Segment Start: PROVIDED MATERIAL
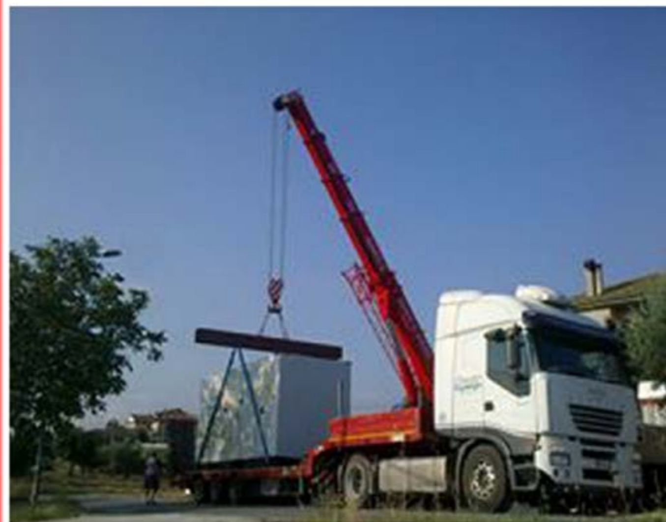
Idrogru T.150 - Sollevamento Cabina Elettrica
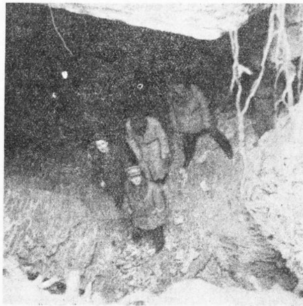
De overste van D.O.V.O. op bezoek
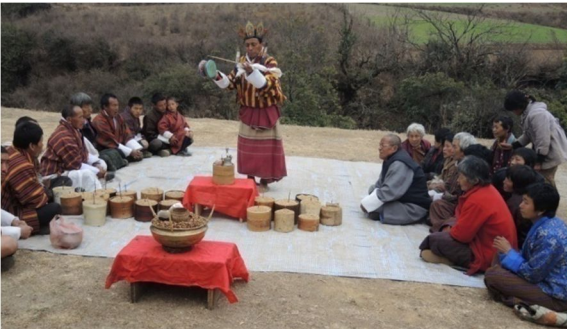
དཔའ་བོ་གིས་དམངས་མོ་བཏབ་པའི་སྐྱང།

དེ་ལས་ཚོས་པ་གཉིས་ཀྱིས་རྒྱ་སྤྱིང་འཕུ། དཔའ་མཛེངས་པ་གི་ར་གིས་གྱི་ཤུབས་ནང་ལས་བཏོན་ ཏེ། གནམ་ཁར་སྟོང་ལེགས་སོ་འབྲེན་སྟེ་པད་སྟོར་བསྐྱར་ཏེ་ཕྱི་ཁར་འབྲེན་འགྲོམ་ཨིན་པས། ཁོང་ཚུ་བྱིམ་གྱི་ཕྱི་ཁར་སྟོད་པ་ད། བྱིམ་གྱི་སྤྱིན་བདག་གིས་ཕྱི་ཁར་བཙན་སྐྱིག་བརྒྱབ་སྟེ་ མར་ ཆང་བཀལ་བཞག་པ་ཨིན་པས། དེ་ལས་མར་ཆང་གི་རྩ་བར་སྟོད་པ་ད། ཁོང་དཔའ་མཛེངས་པ་ཚུ་ གིས་ལེགས་སོ་འབྲེན་སྟེ་མར་ཆང་གཡས་སྟོར་རྒྱབ། དེ་ལས་བྱིས་པའི་དཔའ་བོ་གཉིས་ཀྱིས་
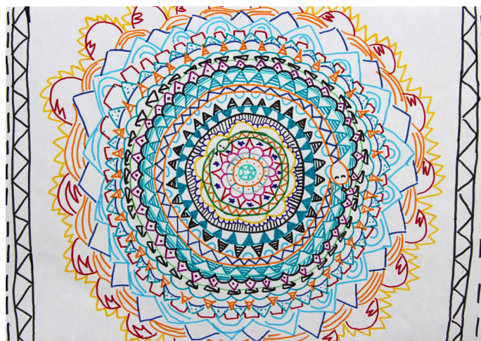
Nikita Fras, 7. b
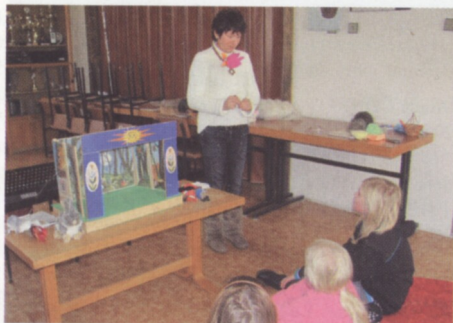
Únor ve znamení pohádek. Hrálo se, zpívalo a program zpestřily i loutky.
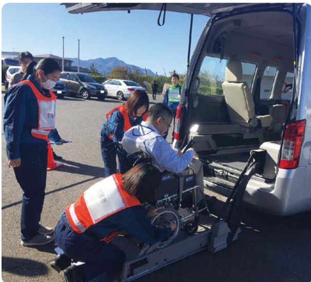
福祉車両による要配慮者の避難支援の訓練を実施しているところ

昨年は、柏崎刈羽原子力発電所の誘致決議から50年の年でした。半世紀以上の長きにわたり、お世話になっている地域の皆さまに感謝いたします。これからも皆さまのご意見やご不安の声をしっかりと受け止め、地域に根差した会社として試行錯誤しながら、お役に立てることを探してまいります。
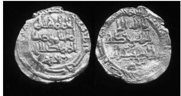
Taifa de Valencia. Dinar de Abd al-Aziz al-Mansur. 428 H Ceca de Al Andalus. Colección Tonegawa

Todas las monedas de Almutadid tienen de ceca Al Andalus, y casi seguro que corresponde a Sevilla. Los expertos atribuyen al año 435 H. este tipo de letra.
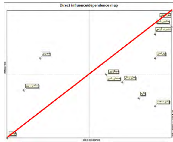
تصویر ۳: پراکنش روندهای جاری در بافت تاریخی شهر تبریز در پلان تأثیرگذاری و تأثیرپذیری

همان‌طور که در بررسی‌های نرم‌افزار تحلیل ساختاری میک مک نیز مشخص شد از مجموع دوازده روند جاری در بافت تاریخی شهر تبریز، چهار روند (روند مسائل شهرنشینی، روند زندگی ماشینی، روند مصرف‌گرایی و روند توسعه آپارتمان‌نشینی) بیشترین اهمیت را داشتند و به‌عنوان عامل کلیدی پیشران، شناسایی شدند که وضعیت‌های مختلف این روندها در واقع شاکله اصلی در تدوین سناریوهای آینده موردنظر است. در این مرحله، آینده‌های باورکردنی بر اساس عوامل راهبردی و کلیدی شناسایی شده در سه سناریو: سناریوی اول خوش‌بینانه و طلایی، سناریوی دوم بدبینانه و فاجعه‌آمیز و سناریوی سوم ادامه وضع موجود و محتمل، تبیین شده‌اند. در این مرحله از سناریونگاری از متخصصانی که در مرحله ارزیابی روابط و تأثیرات روندهای بافت تاریخی شهر تبریز مشارکت داشته‌اند، از پنج نفر، درخواست شد در قالب مصاحبه‌های عمیق، سناریوهای سه‌گانه شهری خود را با توجه به نتایج به‌دست‌آمده از نرم‌افزار میک مک و
Segment End: PROVIDED MATERIAL
▸ PROBLEM DETAILS: Read the data above and pull out each line that holds the string "روندهای".

▸ EXERCISE ANSWER:
تصویر ۳: پراکنش روندهای جاری در بافت تاریخی شهر تبریز در پلان تأثیرگذاری و تأثیرپذیری
همان‌طور که در بررسی‌های نرم‌افزار تحلیل ساختاری میک مک نیز مشخص شد از مجموع دوازده روند جاری در بافت تاریخی شهر تبریز، چهار روند (روند مسائل شهرنشینی، روند زندگی ماشینی، روند مصرف‌گرایی و روند توسعه آپارتمان‌نشینی) بیشترین اهمیت را داشتند و به‌عنوان عامل کلیدی پیشران، شناسایی شدند که وضعیت‌های مختلف این روندها در واقع شاکله اصلی در تدوین سناریوهای آینده موردنظر است. در این مرحله، آینده‌های باورکردنی بر اساس عوامل راهبردی و کلیدی شناسایی شده در سه سناریو: سناریوی اول خوش‌بینانه و طلایی، سناریوی دوم بدبینانه و فاجعه‌آمیز و سناریوی سوم ادامه وضع موجود و محتمل، تبیین شده‌اند. در این مرحله از سناریونگاری از متخصصانی که در مرحله ارزیابی روابط و تأثیرات روندهای بافت تاریخی شهر تبریز مشارکت داشته‌اند، از پنج نفر، درخواست شد در قالب مصاحبه‌های عمیق، سناریوهای سه‌گانه شهری خود را با توجه به نتایج به‌دست‌آمده از نرم‌افزار میک مک و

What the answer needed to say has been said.